**Instructions for the task:** In the records that follow, find the line containing "Yellow tablets of" and the line containing "Grand plateau à", then transcribe both and every line between them exactly, omitting pictures.

**Source data:**
################

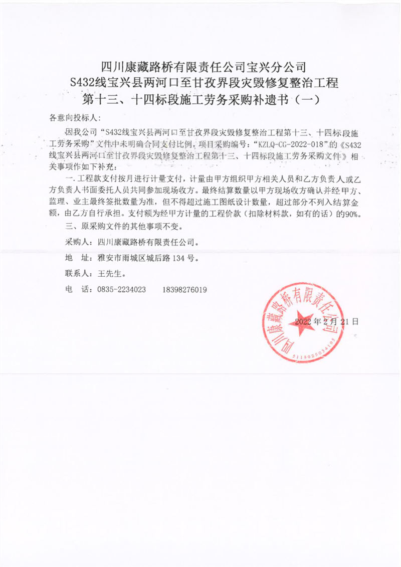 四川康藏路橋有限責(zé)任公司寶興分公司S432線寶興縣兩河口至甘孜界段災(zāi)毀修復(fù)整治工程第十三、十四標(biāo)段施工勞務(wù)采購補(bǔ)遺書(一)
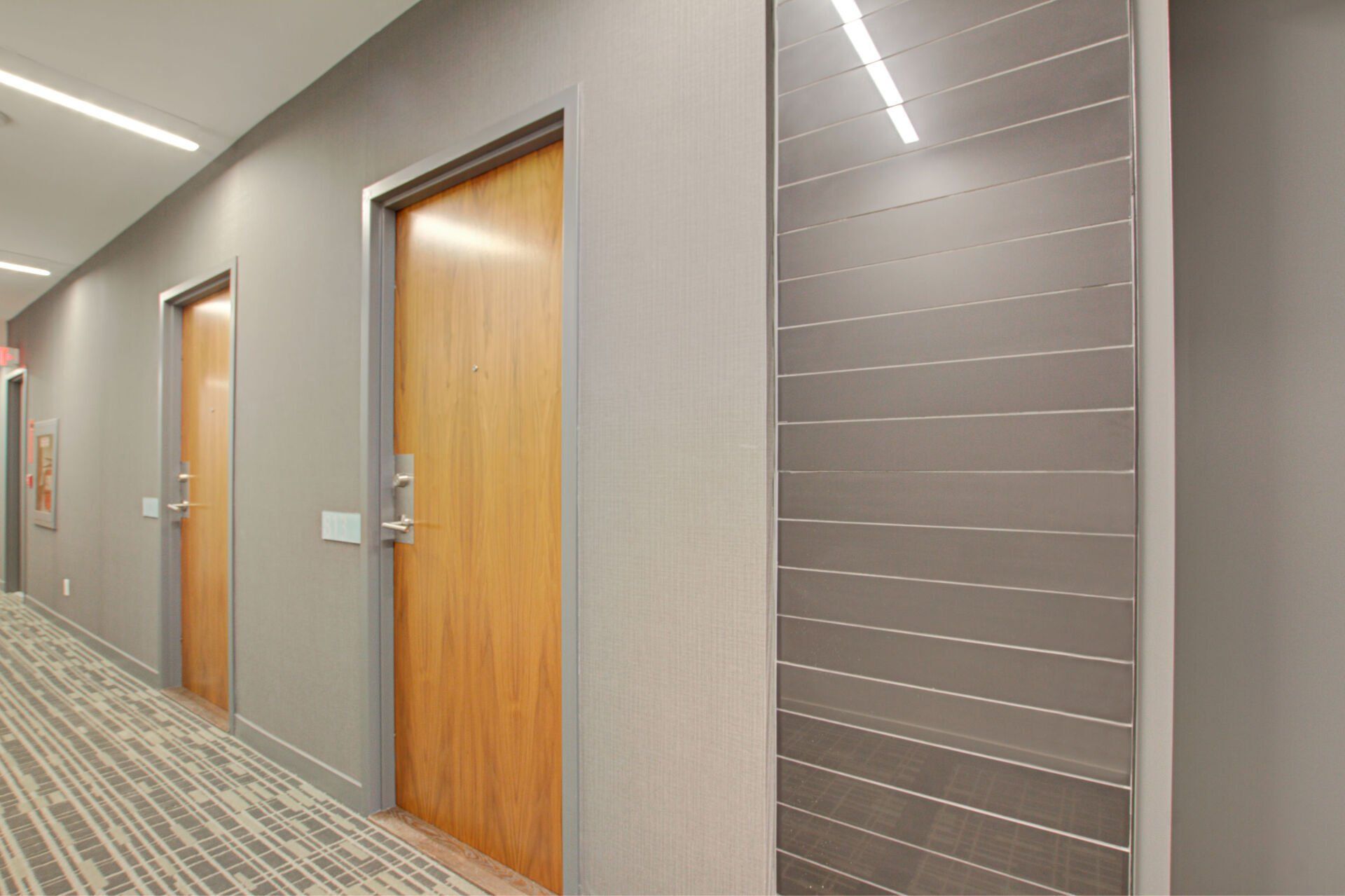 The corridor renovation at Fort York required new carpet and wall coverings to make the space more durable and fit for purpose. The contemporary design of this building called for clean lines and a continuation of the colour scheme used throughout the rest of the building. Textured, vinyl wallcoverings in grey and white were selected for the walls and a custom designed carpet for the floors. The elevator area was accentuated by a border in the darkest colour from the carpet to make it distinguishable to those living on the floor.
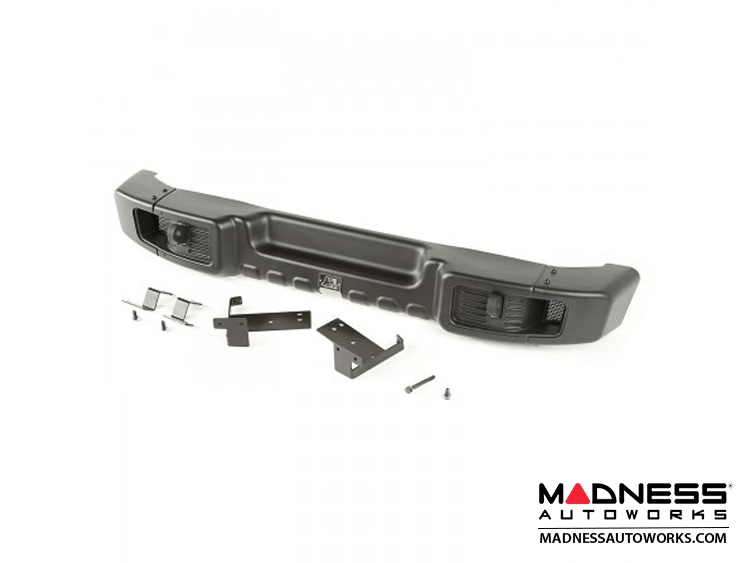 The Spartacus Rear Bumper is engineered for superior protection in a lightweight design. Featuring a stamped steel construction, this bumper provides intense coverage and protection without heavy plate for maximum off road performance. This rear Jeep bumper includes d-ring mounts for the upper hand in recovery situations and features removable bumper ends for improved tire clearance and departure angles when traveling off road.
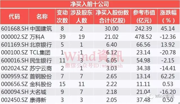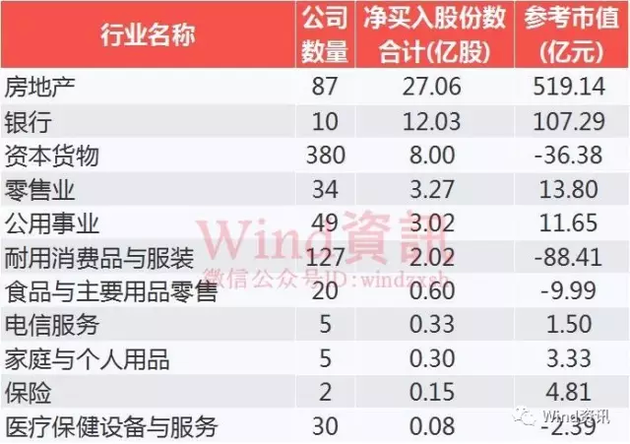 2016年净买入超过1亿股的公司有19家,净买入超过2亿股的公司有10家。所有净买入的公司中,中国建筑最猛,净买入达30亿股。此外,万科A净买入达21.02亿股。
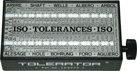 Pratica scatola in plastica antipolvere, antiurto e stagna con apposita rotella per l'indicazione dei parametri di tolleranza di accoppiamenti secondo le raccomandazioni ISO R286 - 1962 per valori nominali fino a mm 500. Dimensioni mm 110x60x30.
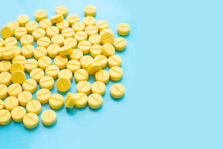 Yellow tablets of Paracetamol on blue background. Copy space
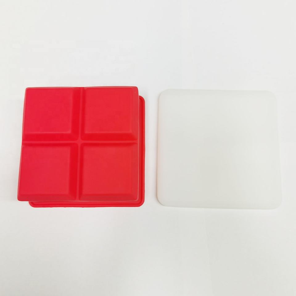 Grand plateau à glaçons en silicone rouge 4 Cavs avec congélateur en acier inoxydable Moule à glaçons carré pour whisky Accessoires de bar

################

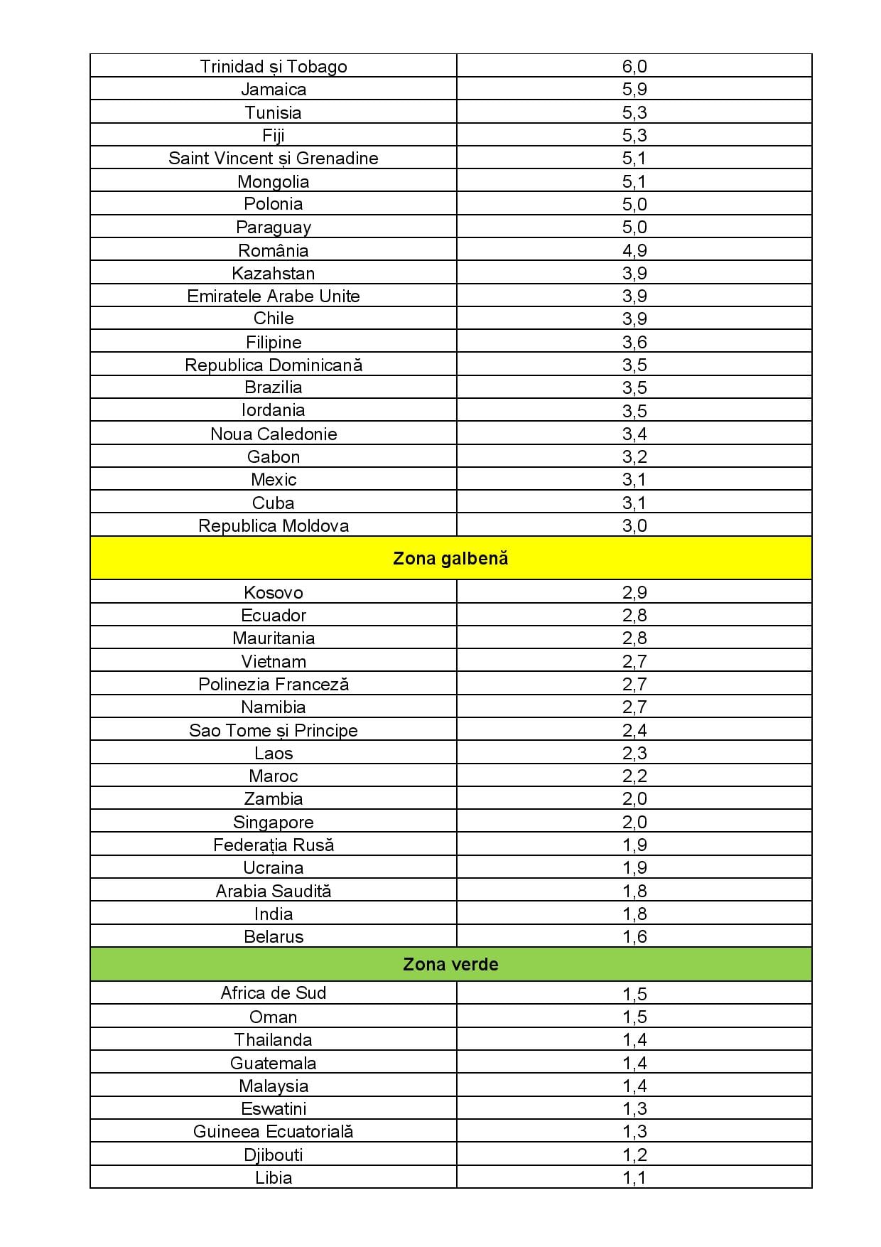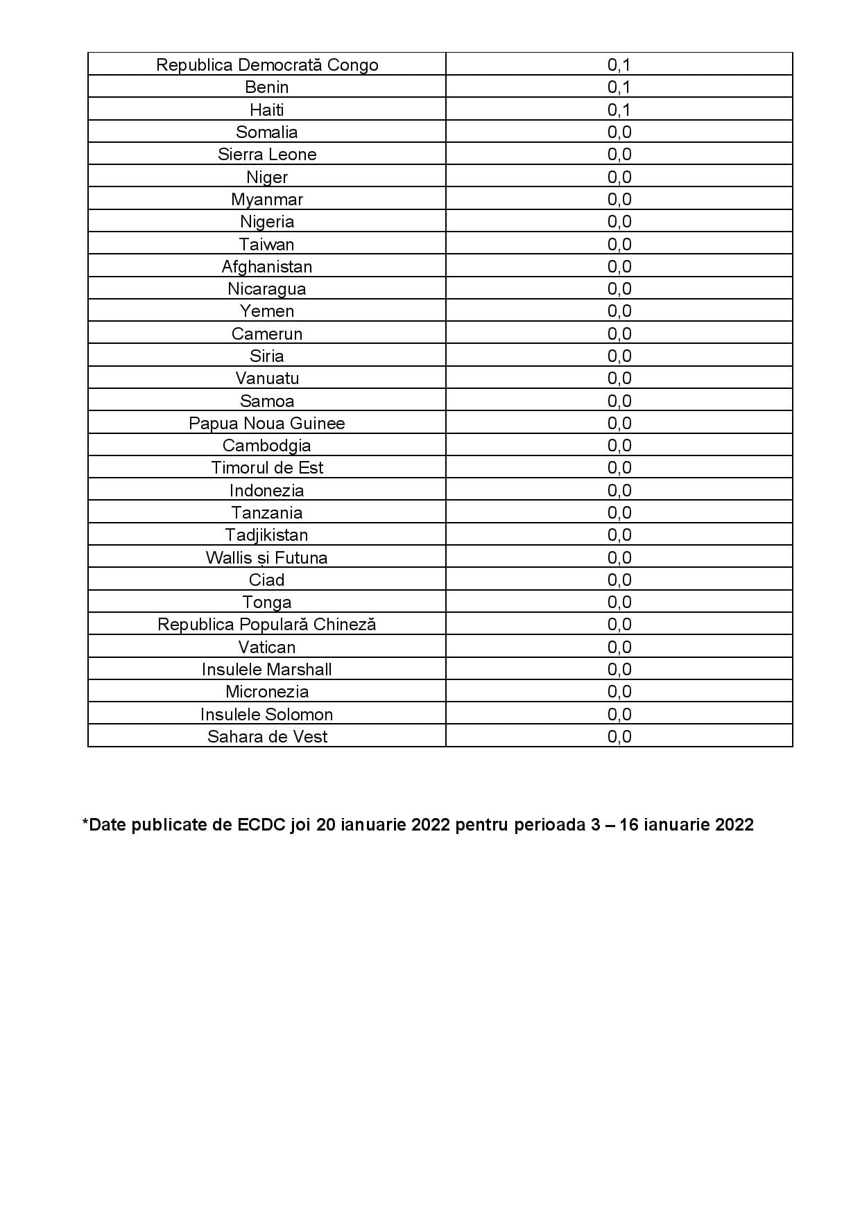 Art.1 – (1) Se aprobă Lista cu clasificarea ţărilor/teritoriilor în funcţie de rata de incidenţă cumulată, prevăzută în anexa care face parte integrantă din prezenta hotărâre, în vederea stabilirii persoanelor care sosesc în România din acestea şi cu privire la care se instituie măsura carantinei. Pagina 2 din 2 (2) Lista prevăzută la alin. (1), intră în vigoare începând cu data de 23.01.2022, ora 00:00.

################

**Task response:**
 Yellow tablets of Paracetamol on blue background. Copy space
 Grand plateau à glaçons en silicone rouge 4 Cavs avec congélateur en acier inoxydable Moule à glaçons carré pour whisky Accessoires de bar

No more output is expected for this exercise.